Betti, along with evolutionary ecologist Andrea Manica of the University of Cambridge in the United Kingdom, measured the pelvises of 348 female human skeletons from 24 different parts of the world. The birth canals were far from carbon copies of each other.

Debunking “Obstetrical Dilemma”

The shape of a mother’s birth canal is a tug-of-war between two opposing evolutionary forces: It needs to be wide enough to allow our big-brained babies to pass through, yet narrow enough to allow women to walk efficiently. The evolutionary compromise- commonly referred to as "Obstetrical Dilemma" is anything but close to the truth.

This, people thought, led to a twisted birth canal to make delivery easier.

“However, that was based – basically exclusively – on European women, who have a particularly twisted canal,” said Betti.

A newborn's route into the world is determined by the depth and width of the pelvic canal. Forcing births to conform to a single standard can be harmful to both mother and child.

World over, most medical training is based on Europeans. But unfortunately, just like fingerprints, humans from different races need to be treated based on their unique physiology. Most medical textbooks are based on European body type, and therefore there are inherent health risks in blindly going by these books.

How is it dangerous to base all assumptions on one birth canal size of one ethnicity?

The pelvic canals of women from Sub-Saharan Africa differ from Asians, Northern Europeans, and Native Americans. The size and shape, which varies in both width and depth, largely depend on the part of the world they live in.

Compounding factors like interpersonal and institutional racism, poverty, poor health care access, and environmental burdens disproportionately harm black mothers. These contribute to the risk of pregnancy-related deaths being three to four times higher for black women than for white women.

Remember the horrendous consequences of forceps deliveries in the early-to-mid 20th century? Most of the techniques used to rotate babies during delivery were based on erroneous/ limited assumptions about the shape of the pelvis.

Limited prescriptions of what constitutes a “normal” pelvis or birthing process might lead doctors to perform unnecessary interventions — like induced labor, cesarean sections or the use of forceps- in the past.

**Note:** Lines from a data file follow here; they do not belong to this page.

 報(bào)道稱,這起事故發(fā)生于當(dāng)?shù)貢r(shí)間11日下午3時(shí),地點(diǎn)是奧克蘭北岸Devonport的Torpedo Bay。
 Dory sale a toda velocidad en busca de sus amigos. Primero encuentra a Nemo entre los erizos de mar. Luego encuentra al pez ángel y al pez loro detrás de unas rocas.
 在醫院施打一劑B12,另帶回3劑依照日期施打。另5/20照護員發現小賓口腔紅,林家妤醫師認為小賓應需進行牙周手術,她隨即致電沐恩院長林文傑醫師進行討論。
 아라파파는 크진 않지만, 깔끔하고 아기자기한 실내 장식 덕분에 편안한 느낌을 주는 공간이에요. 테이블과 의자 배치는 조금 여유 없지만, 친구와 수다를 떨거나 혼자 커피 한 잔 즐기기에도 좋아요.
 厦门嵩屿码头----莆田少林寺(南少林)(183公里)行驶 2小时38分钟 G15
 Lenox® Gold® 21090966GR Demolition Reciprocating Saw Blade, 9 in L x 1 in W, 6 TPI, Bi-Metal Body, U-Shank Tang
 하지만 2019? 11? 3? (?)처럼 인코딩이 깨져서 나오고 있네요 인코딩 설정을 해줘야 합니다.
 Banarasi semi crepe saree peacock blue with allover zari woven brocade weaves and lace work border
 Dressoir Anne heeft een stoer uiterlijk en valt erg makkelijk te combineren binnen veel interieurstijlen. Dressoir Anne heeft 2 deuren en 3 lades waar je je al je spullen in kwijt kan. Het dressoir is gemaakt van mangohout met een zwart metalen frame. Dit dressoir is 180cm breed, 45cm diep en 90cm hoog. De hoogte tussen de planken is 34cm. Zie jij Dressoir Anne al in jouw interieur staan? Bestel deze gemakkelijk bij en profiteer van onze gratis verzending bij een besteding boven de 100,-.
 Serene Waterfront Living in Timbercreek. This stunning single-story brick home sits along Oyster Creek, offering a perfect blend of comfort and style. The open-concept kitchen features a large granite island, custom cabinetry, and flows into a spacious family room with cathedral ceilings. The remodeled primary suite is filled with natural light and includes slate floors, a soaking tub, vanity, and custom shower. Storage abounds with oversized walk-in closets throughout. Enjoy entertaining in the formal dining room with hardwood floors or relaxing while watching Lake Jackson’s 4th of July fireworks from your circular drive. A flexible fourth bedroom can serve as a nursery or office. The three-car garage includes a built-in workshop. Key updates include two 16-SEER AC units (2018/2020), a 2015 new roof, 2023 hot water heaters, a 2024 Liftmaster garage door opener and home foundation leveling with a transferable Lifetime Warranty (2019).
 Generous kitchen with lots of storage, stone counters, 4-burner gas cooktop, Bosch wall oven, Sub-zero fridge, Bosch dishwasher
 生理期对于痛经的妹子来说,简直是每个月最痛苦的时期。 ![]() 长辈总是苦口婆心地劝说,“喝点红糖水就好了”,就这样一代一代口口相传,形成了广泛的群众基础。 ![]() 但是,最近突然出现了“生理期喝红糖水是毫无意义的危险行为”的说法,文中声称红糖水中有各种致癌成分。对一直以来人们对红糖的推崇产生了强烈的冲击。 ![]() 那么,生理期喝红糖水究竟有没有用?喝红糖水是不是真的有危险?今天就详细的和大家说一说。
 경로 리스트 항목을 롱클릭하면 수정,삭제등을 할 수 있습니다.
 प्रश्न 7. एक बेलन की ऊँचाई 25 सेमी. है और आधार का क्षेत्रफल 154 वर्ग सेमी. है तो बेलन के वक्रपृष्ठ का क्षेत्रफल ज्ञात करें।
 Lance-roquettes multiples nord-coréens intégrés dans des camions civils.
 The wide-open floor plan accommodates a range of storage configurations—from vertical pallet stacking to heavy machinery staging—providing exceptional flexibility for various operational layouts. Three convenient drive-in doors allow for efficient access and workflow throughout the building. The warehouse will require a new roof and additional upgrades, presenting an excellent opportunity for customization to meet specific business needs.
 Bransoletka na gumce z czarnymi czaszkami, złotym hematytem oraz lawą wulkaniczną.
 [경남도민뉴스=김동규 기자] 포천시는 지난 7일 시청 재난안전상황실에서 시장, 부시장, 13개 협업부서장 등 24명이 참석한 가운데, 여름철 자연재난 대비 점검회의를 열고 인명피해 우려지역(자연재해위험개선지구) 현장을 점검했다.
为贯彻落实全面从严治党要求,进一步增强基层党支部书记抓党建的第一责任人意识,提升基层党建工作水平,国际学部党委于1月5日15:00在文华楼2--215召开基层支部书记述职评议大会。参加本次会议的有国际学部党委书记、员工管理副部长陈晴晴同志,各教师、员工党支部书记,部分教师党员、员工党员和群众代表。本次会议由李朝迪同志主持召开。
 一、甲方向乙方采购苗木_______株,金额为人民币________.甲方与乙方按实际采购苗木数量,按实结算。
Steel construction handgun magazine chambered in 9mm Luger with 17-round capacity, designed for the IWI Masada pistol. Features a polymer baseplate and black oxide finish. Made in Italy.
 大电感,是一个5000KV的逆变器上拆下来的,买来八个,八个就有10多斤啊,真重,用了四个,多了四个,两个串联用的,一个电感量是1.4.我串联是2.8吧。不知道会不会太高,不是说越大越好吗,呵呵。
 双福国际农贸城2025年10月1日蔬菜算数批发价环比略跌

According to Betti, there are problems with standard textbooks, as they base their descriptions of the anatomy of the birth canal – and how a baby must rotate as it passes through – on European women.

“A different pattern of childbirth that is considered odd for European women and therefore seems to ring alarm bells could be perfectly normal for other populations,” said Betti.

Whatever may be the reason for the diversity in the internal architecture of female pelvis, the need of the hour is to update textbooks, create specific obstetric training programs and resources that take ethnicity of the pregnant mother into consideration and provide practical solutions to protect women and children from the most dangerous day of their lives – the day of birth.